You may display the precision-recall for all four pathways on a single plot.

4 Implement the shortest path algorithm

This algorithm is fairly simple. For each pathway, you should compute the shortest path from each source to each target. Output the union of these path. There are a few factors to consider.

  • You can use an implementation of Dijkstra's algorithm in a package or library. Look very carefully at the documentation of the method. By default, some implementations will only return the length of the shortest path. Here, we are also interested in outputting the edges in the shortest paths.
  • If there are \(k\) sources and \(l\) target, you can manage with just \(k\) invocations to Dijkstra's algorithm. In other words, you do not need \(kl\) invocations of the algorithm.
  • How will you deal with the possibility that the shortest path between two nodes is not unique? In other words, there may be more than one shortest path between two nodes. If you output just one, your precision and recall may be much smaller than if you output all the shortest paths.
  • Can you order the edges in the output in some meaningful way, taking inspiration from PathLinker, for example?

5 Implement the RWR algorithm

This algorithm may be more tricky to implement. Remember that we defined \(A\) to be the adjacency matrix of the graph, where \(A_{uv} = 1\) if and only there is a directed edge from node \(u\) to node \(v\).

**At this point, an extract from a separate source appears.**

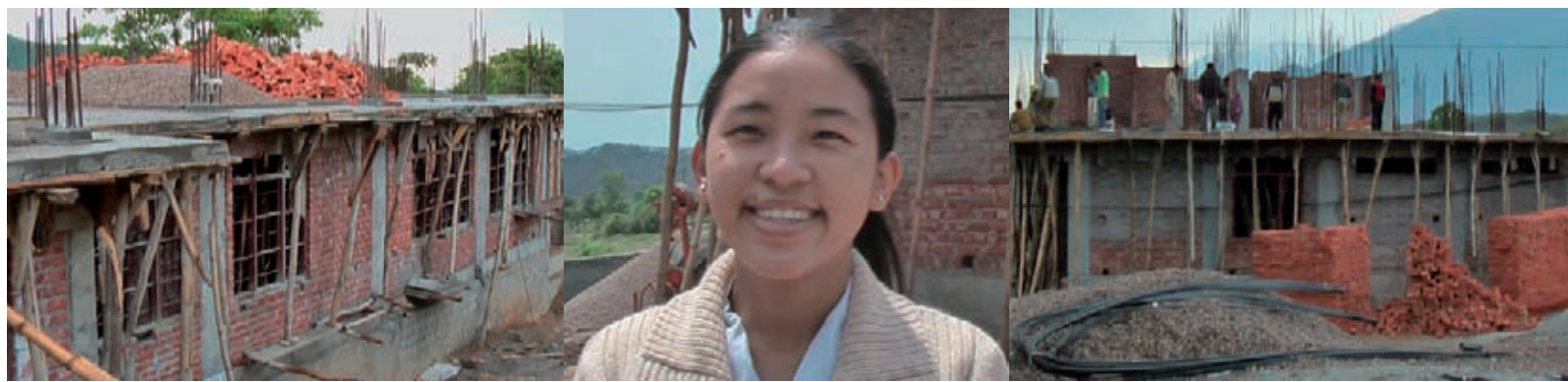
Von links nach rechts: zusätzliche Unterkunft für Kinder; Krankenschwester in Suja; neues Gesundheitszentrum

  • You will have to convert whatever data structure in which you are storing the human protein interaction network into its adjacency matrix representation. The library you use may already have such a function.
  • Beware of the large size of the adjacency matrix, e.g, \(12,000 \times 12,000\). If you run into memory errors, you may have to consider a sparse matrix representation.
  • Compute the diagonal matrix \(D\), where the entry \(D_{uu}\) is the sum of all the non-diagonal entries in row \(u\) of \(A\).
  • Compute \((D^{-1}A)^T\), i.e., multiple the inverse of \(D\) by \(A\) and take the transpose of the product.
  • Next form the vector \(s\) we defined in class, where \(s(u) = 1/|S|\) if and only if \(u\) is one of the receptors in the current pathway you are processing and \(S\) is the set of all receptors in the current pathway. Otherwise \(s(u) = 0\).
  • Compute the vector \(p\) of stationary probabilities using \(p = (I - (1-q)(D^{-1}A)^T)^{-1}q s\).
  • Next for each directed edge \((u, v)\) in the graph, compute the flux \(f(u, v) = p(u) w(u,v)/d_{out}(u)\). Here \(p(u)\) is the stationary probability of \(u\) that you computed in the previous step, \(w(u,v)\) is the weight of the edge from \(u\) to \(v\), and \(d_{out}(u)\) is the out-degree of \(u\), i.e., the total weight of the edges leaving \(u\).
  • Output the edges in decreasing order of edge flux. Output each edge per line, tail, head, and edge flux into a tab-delimited file.

6 Tips

  • You are welcome to use external libraries and packages unless I explicitly say that you should implement something yourself. If in doubt, ask on Piazza!
    • For storing graphs, networkx is ideal if you are using Python. Other languages have excellent graph libraries as well.
    • For plotting in Python, matplotlib and seaborn are excellent.
    • For linear algebra and matrix routines, numpy and scipy are fantastic resources.

7 What should you submit?

  • A PDF file on Canvas that contains
    1. (20 points) One plot showing the precision-recall curves for PathLinker on the TGF-beta, TNF-alpha, and Wnt pathways.
    2. (60 points; 40 points for RWR and 20 points for shortest path) One plot for each of the TGF-beta, TNF-alpha, and Wnt pathways showing the precision-recall curves for PathLinker, shortest path, and RWR algorithms.
    3. (10 points) Any observations you have on the results.
    4. (10 points) Any observations you have on the assignment and the challenges you face.
    5. A link to your code on GitHub

Grading for items 3 and 4 will be somewhat subjective.